__INPUT DATA__
§ §
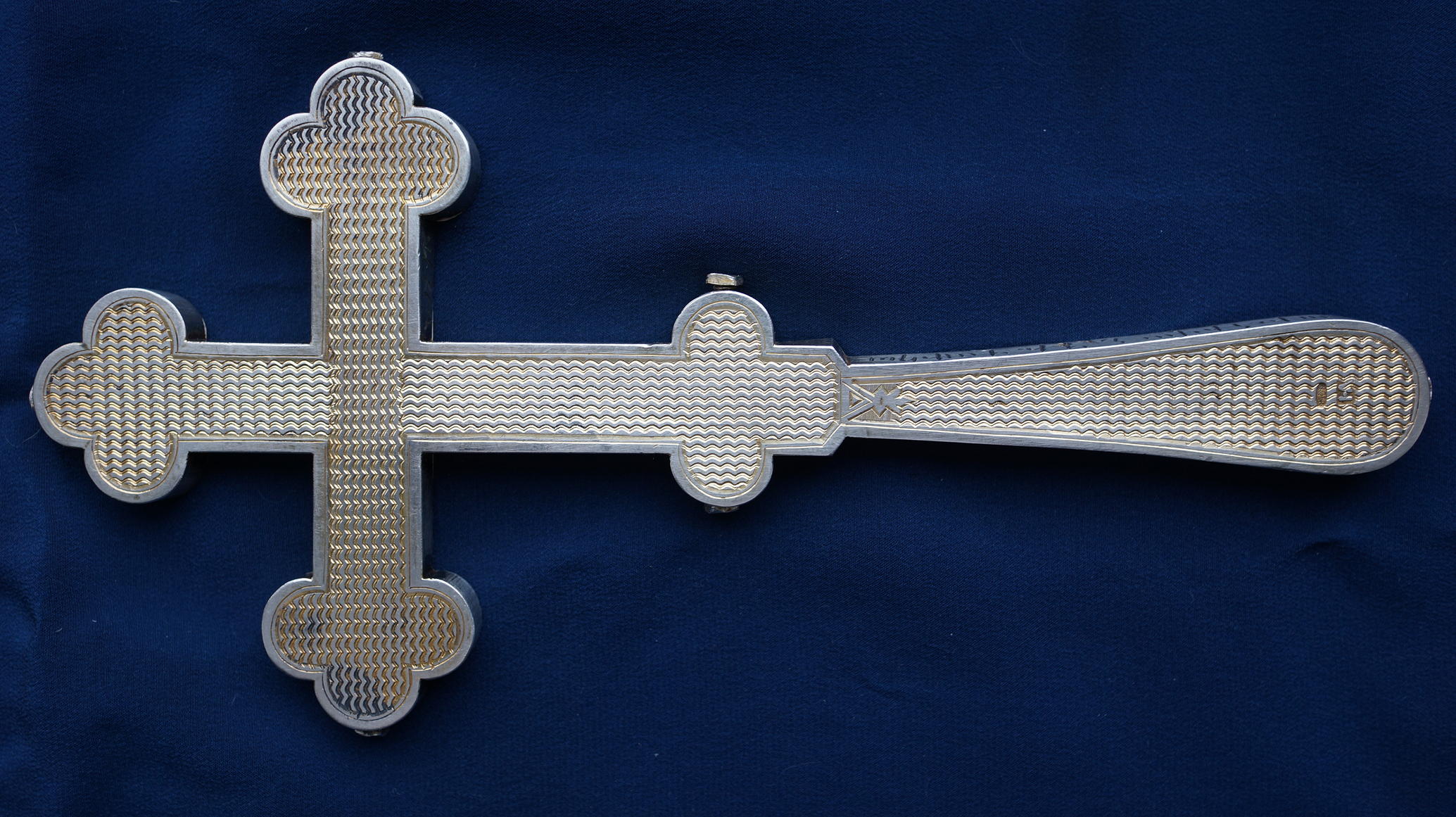 Материал: cеребро «84». Техническое исполнение: литье, гравировка штихельнем, позолочение, полировка, шлифовка, доводка, канфарение, монтировка. Размеры: Высота - 21см. Ширина – 10,5 см. Ширина – 0,9 см. Вес – ок. 100 граммов. Клейма: «84» пробы с "женской головкой в кокошнике, повернутой влево" вместе с альдерманом пробирера "ИЛ" (инициалы пробирного мастера, Лебедкин Иван Сергеевич (Москва, назначен в 1899 году)) в овале, именник мастера «I.A». С двух сторон выгравирована надпись на староармянском языке, говорящая о том, что «этот крест был создан в память о священнике Вартане из Нахичивани». Отец Вартан вероятно был в конце XIX века священником Ново-Нахичеванской и Бессарабской епархии Святой Армянской Апостольской православной Церкви. В отличном коллекционном состоянии. Без реставрации и утрат. Цена договорная. Детали и доп.фото через эл.почту: arz-wien@rambler.ru |
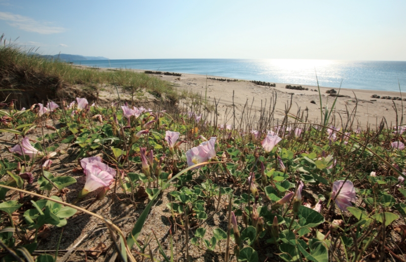 庄内砂丘に咲いていたハマヒルガオ。茎が砂の上を這い群生する。空港近くの海岸線道路の両脇にはクロマツに防砂林が続く。
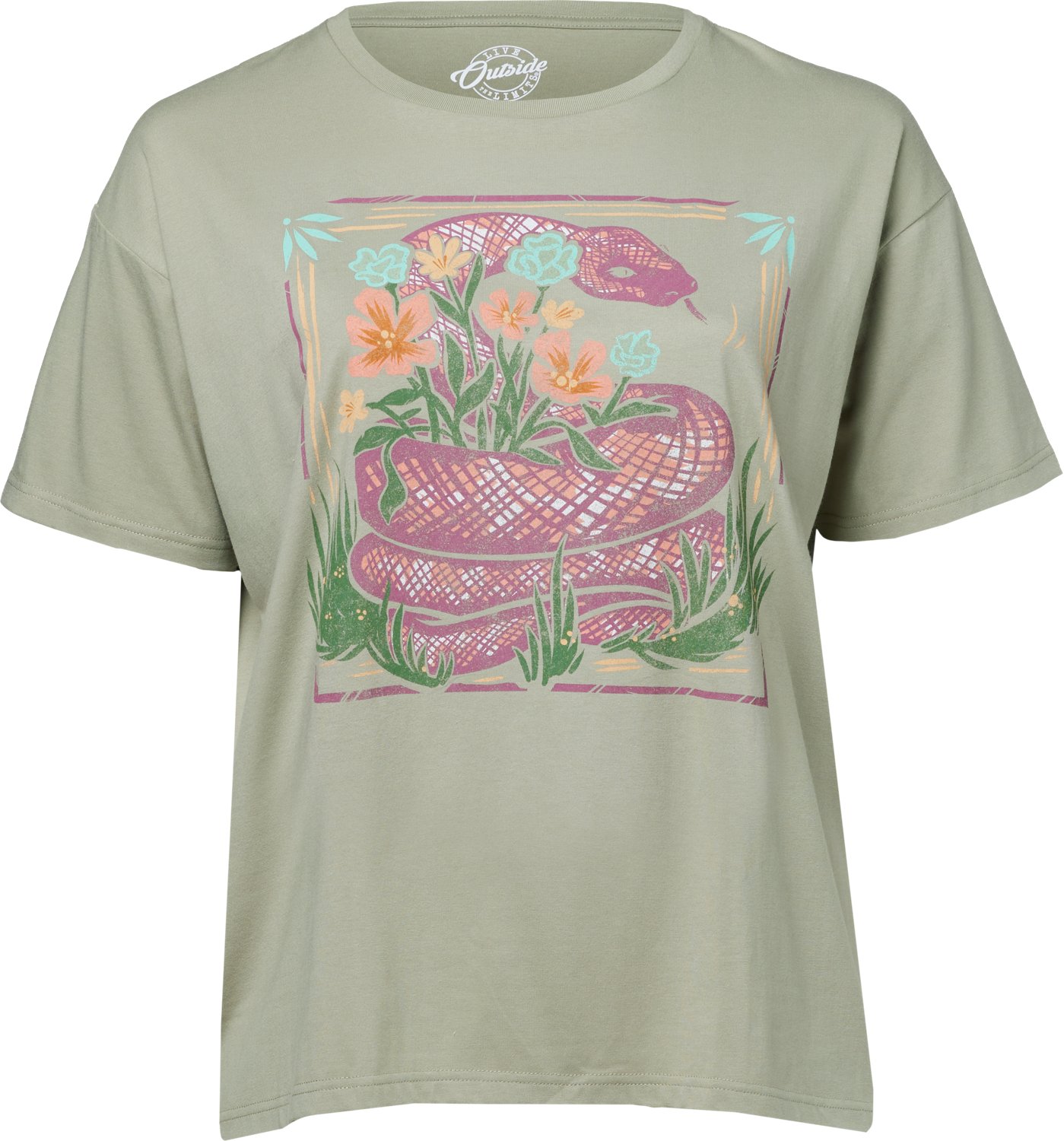 Live Outside the Limits Women's Floral Snake Oversized Graphic T-shirt
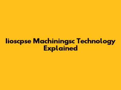 Iioscpse Machiningsc Technology Explained
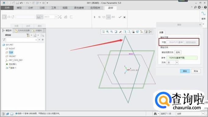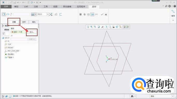 在旋转操作页面,点击“放置”,然后选择“定义”,设置“参考平面”,如图所示。
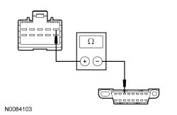 - Measure the resistance between the FCIM (Front Controls Interface Module) C2403-2, circuit VDB07 (VT/OG), harness side and the DLC (Data Link Connector) C251-11, circuit VDB07 (VT/OG), harness side.
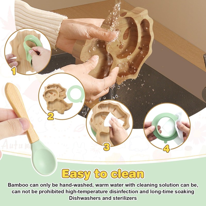 - EASY TO CLEAN: Bamboo baby weaning suction plate spill-proof suction base can be easily disassembled, the surface of the plate is smooth, not sticky grease stains and dirt, rinse with water and wipe it can be.
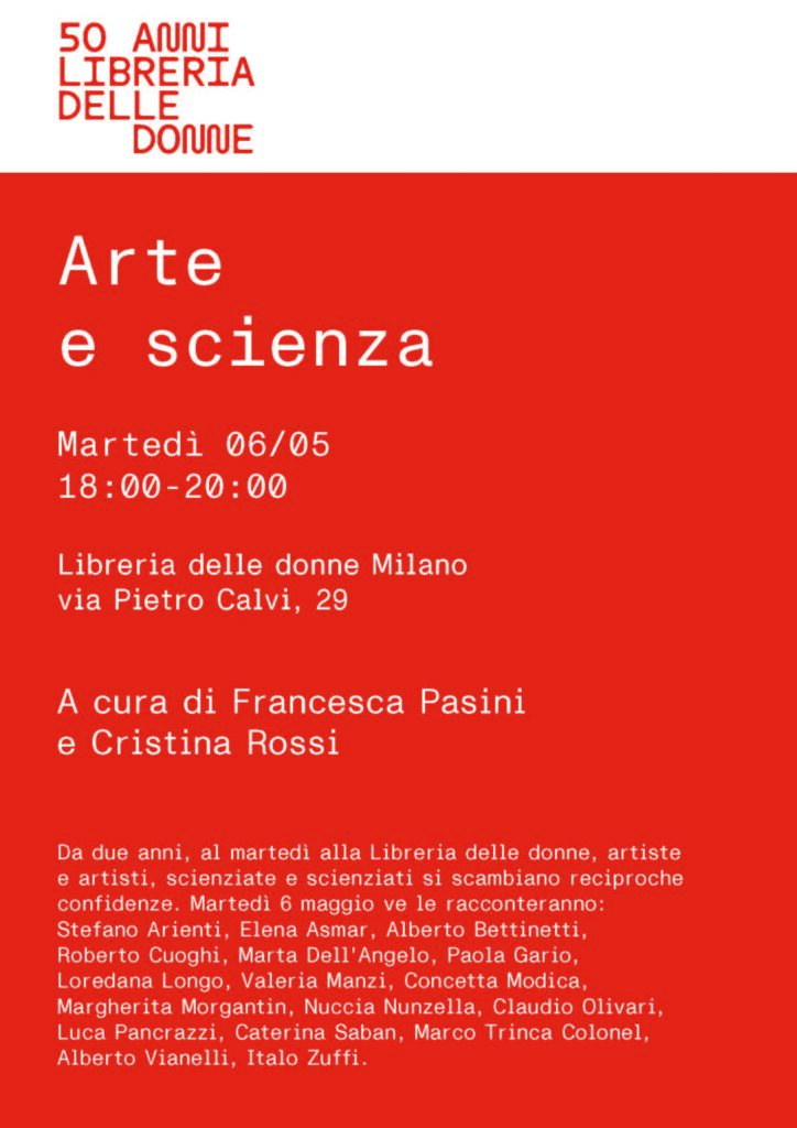 Dalla fine del 2023 la Libreria ospita un ciclo di incontri mensili dedicati al dialogo tra scienza e arte, curati da Francesca Pasini e Cristina Rossi. Il progetto ha coinvolto la matematica Paola Gario, il biologo Claudio Olivari, lo storico della scienza Alberto Vianelli, insieme ad artiste come Elena El Asmar, Marta Dell’Angelo, Concetta Modica, Loredana Longo, Valeria Manzi, Margherita Morgantin, e artisti quali Stefano Arienti, Alberto Bettinetti, Roberto Cuoghi, Luca Pancrazzi, Marco Trinca Colonel e Italo Zuffi. Questo incontro vuole mostrare la ricchezza dello scambio tra scienza e arte, in preparazione di un evento di restituzione alla città di Milano, programmato per settembre 2025. A cura di Francesca Pasini
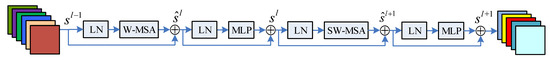 where and represent the outputs of W-MSA and MLP. In W-MSA, the input is a patches sequence, .
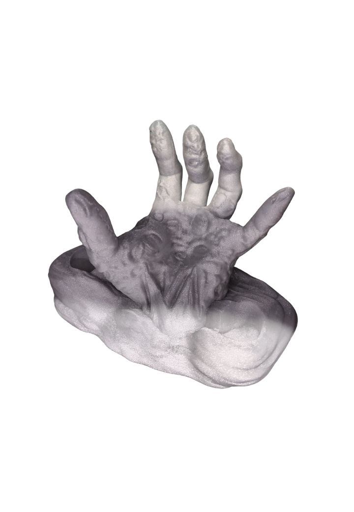 Transforme o modo como você organiza e exibe seu controle PS5 com este suporte incrivelmente estiloso. Feito para os fãs de design criativo, este suporte apresenta uma mão de zumbi assustadoramente detalhada, na tonalidade cinza claro, cuidadosamente impressa em PLA. Valorize a experiência de jogar com acessórios que refletem sua personalidade e estilo exclusivo!
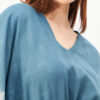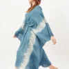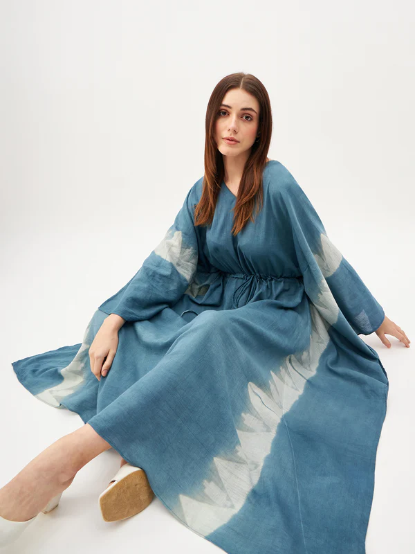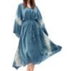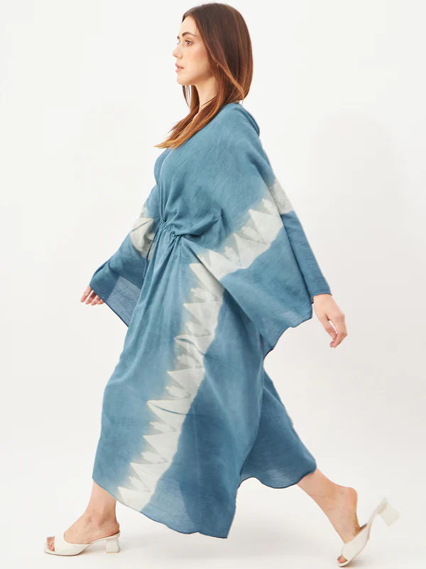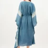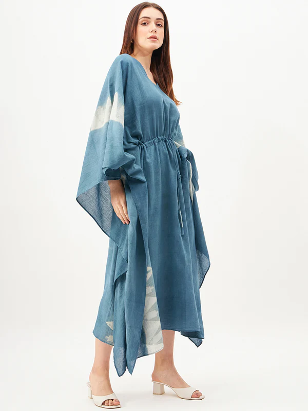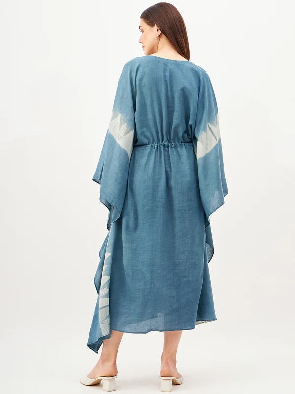 Indigo kaftan dress has a V-neck, short sleeve, and flared hem
§ §
__TO DO__
The entries must be repeated exactly. Leave the images out.

__EXERCISE ANSWER__
 Материал: cеребро «84». Техническое исполнение: литье, гравировка штихельнем, позолочение, полировка, шлифовка, доводка, канфарение, монтировка. Размеры: Высота - 21см. Ширина – 10,5 см. Ширина – 0,9 см. Вес – ок. 100 граммов. Клейма: «84» пробы с "женской головкой в кокошнике, повернутой влево" вместе с альдерманом пробирера "ИЛ" (инициалы пробирного мастера, Лебедкин Иван Сергеевич (Москва, назначен в 1899 году)) в овале, именник мастера «I.A». С двух сторон выгравирована надпись на староармянском языке, говорящая о том, что «этот крест был создан в память о священнике Вартане из Нахичивани». Отец Вартан вероятно был в конце XIX века священником Ново-Нахичеванской и Бессарабской епархии Святой Армянской Апостольской православной Церкви. В отличном коллекционном состоянии. Без реставрации и утрат. Цена договорная. Детали и доп.фото через эл.почту: arz-wien@rambler.ru |
 庄内砂丘に咲いていたハマヒルガオ。茎が砂の上を這い群生する。空港近くの海岸線道路の両脇にはクロマツに防砂林が続く。
 Live Outside the Limits Women's Floral Snake Oversized Graphic T-shirt
 Iioscpse Machiningsc Technology Explained
 在旋转操作页面,点击“放置”,然后选择“定义”,设置“参考平面”,如图所示。
 - Measure the resistance between the FCIM (Front Controls Interface Module) C2403-2, circuit VDB07 (VT/OG), harness side and the DLC (Data Link Connector) C251-11, circuit VDB07 (VT/OG), harness side.
 - EASY TO CLEAN: Bamboo baby weaning suction plate spill-proof suction base can be easily disassembled, the surface of the plate is smooth, not sticky grease stains and dirt, rinse with water and wipe it can be.
 Dalla fine del 2023 la Libreria ospita un ciclo di incontri mensili dedicati al dialogo tra scienza e arte, curati da Francesca Pasini e Cristina Rossi. Il progetto ha coinvolto la matematica Paola Gario, il biologo Claudio Olivari, lo storico della scienza Alberto Vianelli, insieme ad artiste come Elena El Asmar, Marta Dell’Angelo, Concetta Modica, Loredana Longo, Valeria Manzi, Margherita Morgantin, e artisti quali Stefano Arienti, Alberto Bettinetti, Roberto Cuoghi, Luca Pancrazzi, Marco Trinca Colonel e Italo Zuffi. Questo incontro vuole mostrare la ricchezza dello scambio tra scienza e arte, in preparazione di un evento di restituzione alla città di Milano, programmato per settembre 2025. A cura di Francesca Pasini
 where and represent the outputs of W-MSA and MLP. In W-MSA, the input is a patches sequence, .
 Transforme o modo como você organiza e exibe seu controle PS5 com este suporte incrivelmente estiloso. Feito para os fãs de design criativo, este suporte apresenta uma mão de zumbi assustadoramente detalhada, na tonalidade cinza claro, cuidadosamente impressa em PLA. Valorize a experiência de jogar com acessórios que refletem sua personalidade e estilo exclusivo!
 Indigo kaftan dress has a V-neck, short sleeve, and flared hem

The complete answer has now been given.